Some of the most relevant Earth analogs to other ocean worlds are the unique habitats formed at boundaries between ice and water. Sea ice plays a dual role in the control of high-​latitude phytoplankton blooms by influencing both light shading and stratification (Arrigo et al., 2012; Kauko et al., 2017). Melting of ice in the spring can stabilize the water column, supporting large phytoplankton blooms. The timing, size, and type of ice edge algal blooms can define the success of a growth season and control food web dynamics (Ducklow et al., 2013). Phytoplankton blooms can occur with limited light under several-meter-thick layers of ice and snow, as studied under Arctic sea ice (Boles et al., 2020) and in Antarctic dry valley lakes such as Lake Bonney (Obryk et al., 2014), Lake Fryxell (McKnight et al., 2000), and Lake Vanda (Sumner et al., 2016). Limits to phytoplankton growth under thicker ice layers are not well known. Certainly, heterotrophic and mixotrophic microbial life can also be important along boundary habitats, given nutrient availability in the form of dissolved organic matter. Even without penetration of direct sunlight, physiological adaptations of microorganisms to ocean-ice dynamics could serve as analogs for adaptations of both autotrophic and heterotrophic life in other icy ocean worlds.
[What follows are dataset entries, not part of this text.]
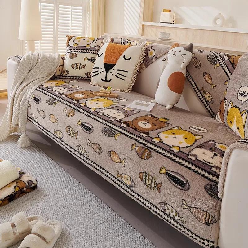 Мягкая подушка для дивана, нескользящая, в мультяшном стиле, фланелевая подушка для сиденья, зимняя, более плотная, теплая, стильная, все включено, чехол для дивана 90x70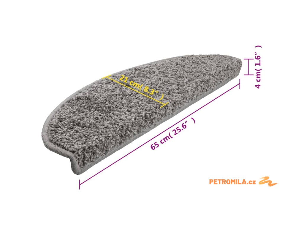 Schodové rohože 15 ks 65 x 21 x 4 cm šedé, půlkulaté, velké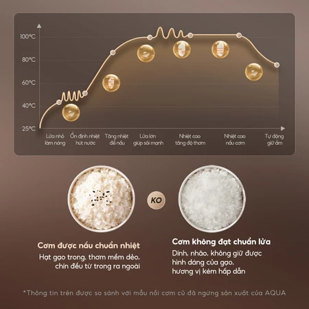 3. Nồi cơm được nấu chuẩn nhiệt thông minh tự điều tiết theo 7 cấp độ nhiệt và độ ngấm nước chuẩn xác cho hạt gạo trong, căng mọng hơn (lửa nhỏ làm nóng, ổn định nhiệt hút nước, tăng nhiệt để nấu, lửa lớn giúp sôi mạnh, nhiệt cao tăng độ thơm, nhiệt cao nấu cơm, tự động giữ ấm)

The undersides of floating Antarctic ice shelves vividly illustrate the importance and roles of interfaces. Murray et al. (2016) discovered a vibrant, diverse ecosystem, including abundant sea anemones, at the undersurface of the floating Ross Ice Shelf. A similar community observed under Thwaites Glacier (Schmidt, 2020) shows the possibility for dense, complex, and energy-intensive biological activity in an unexpected and astrobiologically highly relevant location. Because the icy shells also form and evolve from cyclic freezing and melting, analogous processes to ocean-derived ices on Earth are helping to constrain the active cycles within the ice and at its interfaces (Buffo et al., 2018, 2019) as well as cycles of water within the ice shell (Kalousová et al., 2014; Chivers et al., 2021).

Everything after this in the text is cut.